AIM OF THE TASK: Down to the last line below, repeat the entries word for word and drop the pictures.

Extracted data entries
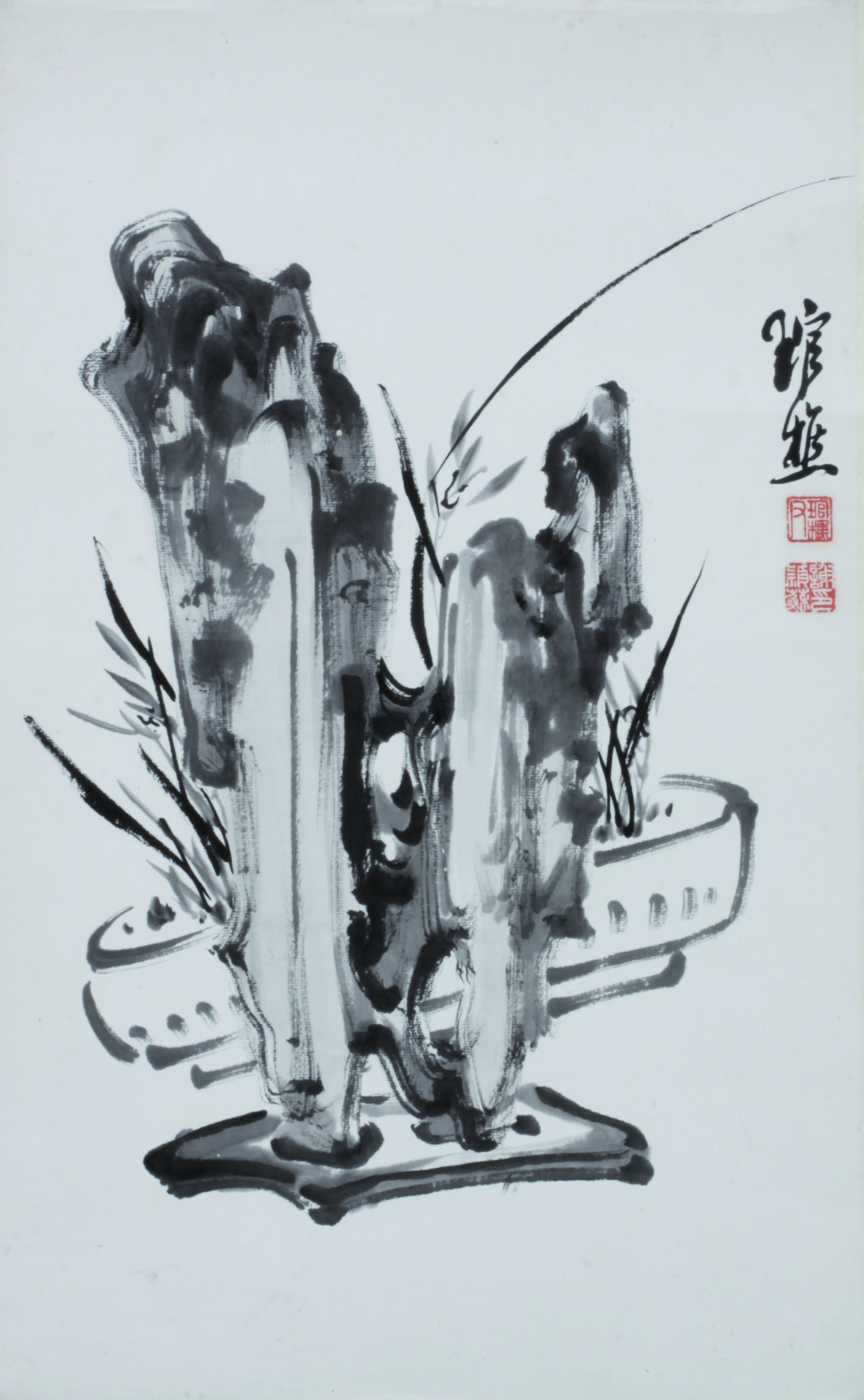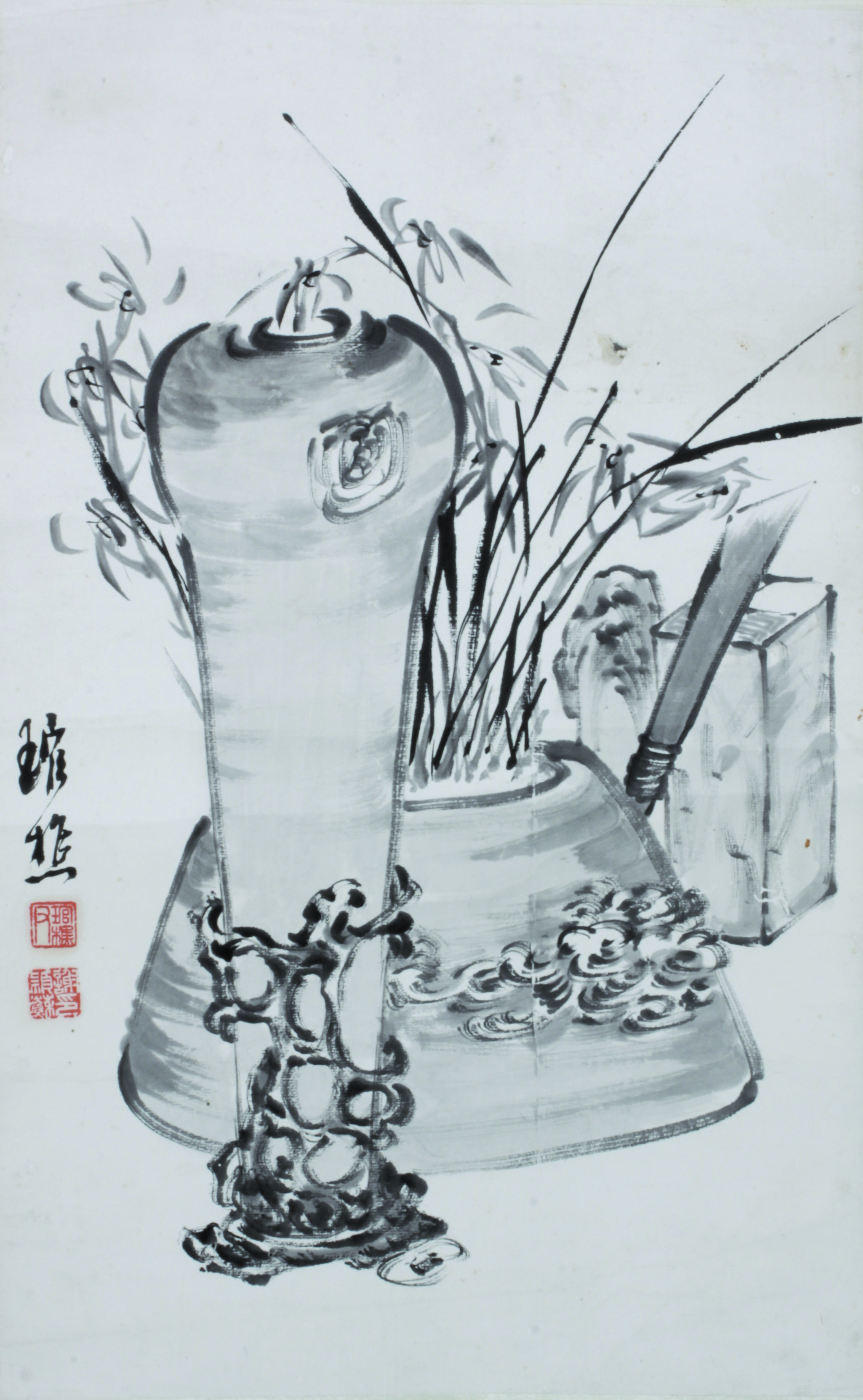 此册页共四幅,纸本,纵47厘米,横30厘米,现藏于厦门市博物馆。第一幅画的是一尊一缶,一刀一石,缶上丛兰。单款“琯樵”,钤印:“琯樵父”,朱文;“谢颖苏印”,白文。
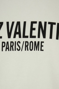 T-shirt realized in pure cotton characterized by contrasting Chez Valentino print on the chest. - Ribbed crew-neck DETAILS White cotton t-shirt Exterior: 100% Cotton Made in italy Sample size: M
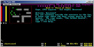 Swords and Sorcery was one of a line of quality Logicom full-screen ANSI modules. The game was a graphical Role Playing Game (RPG). It was briefly released for The Major BBS v6.x, but, unfortunately, removed from sale when Logicom was served with a cease and desist order from Kesmai Corp., who felt the game was too similar to their game Islands of Kesmai which ran on CompuServe.
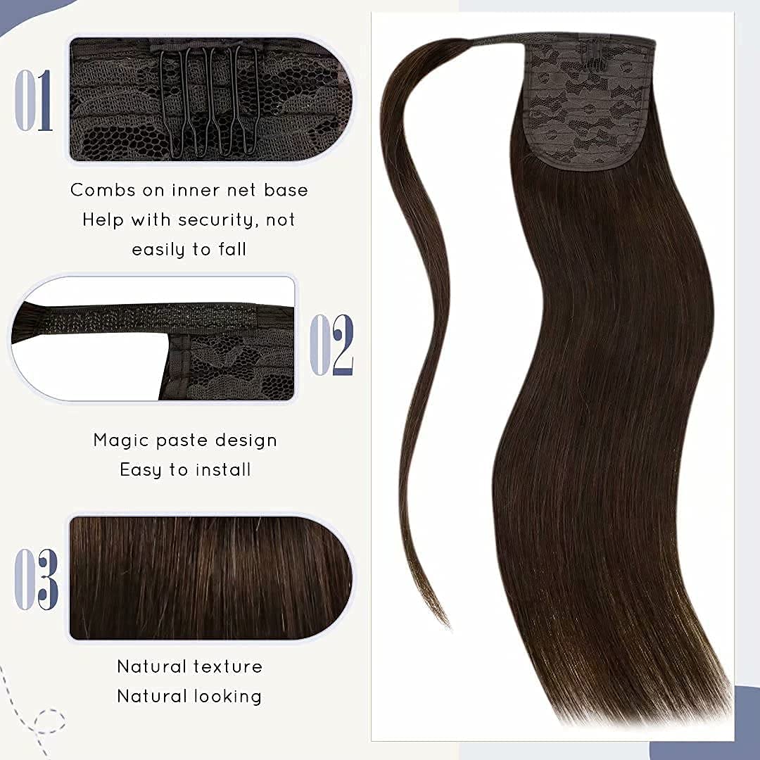 Clip-In Paardenstaartverlenging | 55CM | 100 Gram | Kleur #2 Donkerbruin | Verfbaar | Clip-in
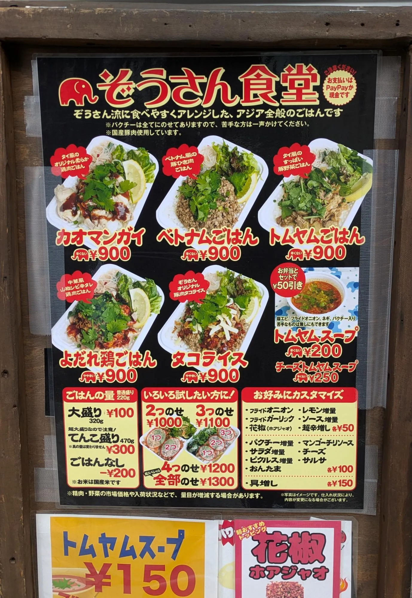 Bạn có thể chọn 5 loại thực đơn trong suất cơm trưa (Khao Man Gai, cơm Việt Nam, cơm Tom Yum, cơm Gà xé phay, cơm Taco). Mặc dù ăn một món là đủ ngon, nhưng việc kết hợp 2 món hoặc 3 món theo ý thích rất được ưa chuộng.
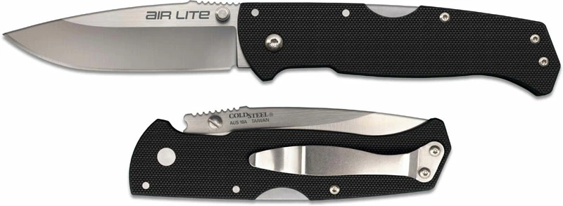 From Cold Steel: We know many of our customers are more and more concerned about the weight and “bulk” of their EDC (every day carry) knife as there is a lot of competition for the limited space in their pockets. That’s why we focused on making a feather light (3.2 oz) ultra slim (8.8 mm thick) folder that can be carried 24/7 while still leaving room in the pocket for other essential gear. But what we didn’t do in our quest to make a super EDC knife was skimp on workmanship and materials. That’s why every Tanto and Drop point blade in our Air Lite series exhibits flawless craftmanship and premium materials. The blades are made from costly Japanese 10A stainless steel famed for its edge holding ability, strength and toughness and the handles are laser cut from real G-10. Even the locking mechanism can’t be beat as there is nothing better than our celebrated Tri-Ad® Lock when it comes to protecting your fingers. Budget friendly pricing, amazing sharpness, and enormously comfortable and useable, the Air Lites are hard to beat for every day carry!
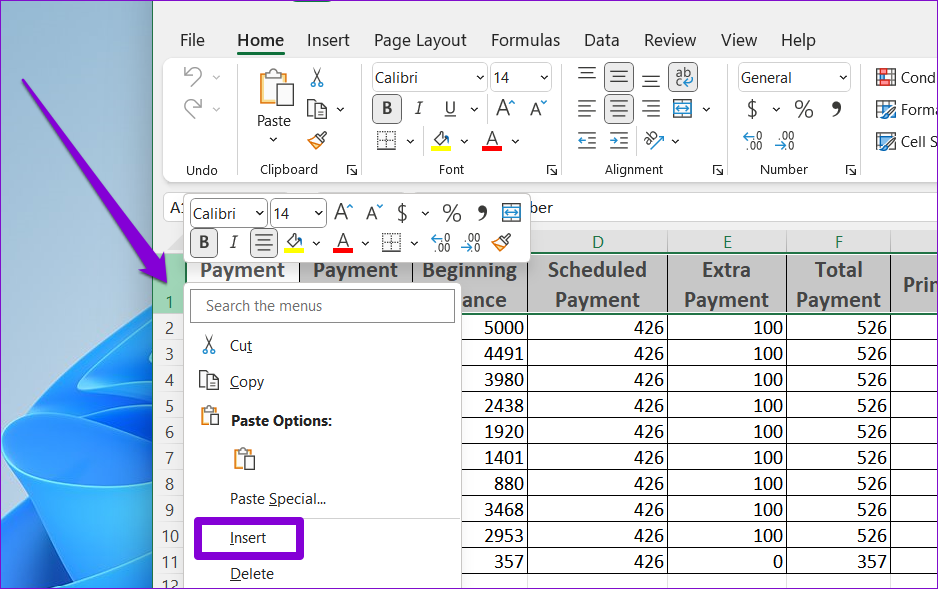 Étape 1 : Faites un clic droit sur la première ligne et sélectionnez Insérer pour ajouter une nouvelle ligne au-dessus de votre tableau.

EXERCISE SOLUTION:
 此册页共四幅,纸本,纵47厘米,横30厘米,现藏于厦门市博物馆。第一幅画的是一尊一缶,一刀一石,缶上丛兰。单款“琯樵”,钤印:“琯樵父”,朱文;“谢颖苏印”,白文。
 T-shirt realized in pure cotton characterized by contrasting Chez Valentino print on the chest. - Ribbed crew-neck DETAILS White cotton t-shirt Exterior: 100% Cotton Made in italy Sample size: M
 Swords and Sorcery was one of a line of quality Logicom full-screen ANSI modules. The game was a graphical Role Playing Game (RPG). It was briefly released for The Major BBS v6.x, but, unfortunately, removed from sale when Logicom was served with a cease and desist order from Kesmai Corp., who felt the game was too similar to their game Islands of Kesmai which ran on CompuServe.
 Clip-In Paardenstaartverlenging | 55CM | 100 Gram | Kleur #2 Donkerbruin | Verfbaar | Clip-in
 Bạn có thể chọn 5 loại thực đơn trong suất cơm trưa (Khao Man Gai, cơm Việt Nam, cơm Tom Yum, cơm Gà xé phay, cơm Taco). Mặc dù ăn một món là đủ ngon, nhưng việc kết hợp 2 món hoặc 3 món theo ý thích rất được ưa chuộng.
 From Cold Steel: We know many of our customers are more and more concerned about the weight and “bulk” of their EDC (every day carry) knife as there is a lot of competition for the limited space in their pockets. That’s why we focused on making a feather light (3.2 oz) ultra slim (8.8 mm thick) folder that can be carried 24/7 while still leaving room in the pocket for other essential gear. But what we didn’t do in our quest to make a super EDC knife was skimp on workmanship and materials. That’s why every Tanto and Drop point blade in our Air Lite series exhibits flawless craftmanship and premium materials. The blades are made from costly Japanese 10A stainless steel famed for its edge holding ability, strength and toughness and the handles are laser cut from real G-10. Even the locking mechanism can’t be beat as there is nothing better than our celebrated Tri-Ad® Lock when it comes to protecting your fingers. Budget friendly pricing, amazing sharpness, and enormously comfortable and useable, the Air Lites are hard to beat for every day carry!
 Étape 1 : Faites un clic droit sur la première ligne et sélectionnez Insérer pour ajouter une nouvelle ligne au-dessus de votre tableau.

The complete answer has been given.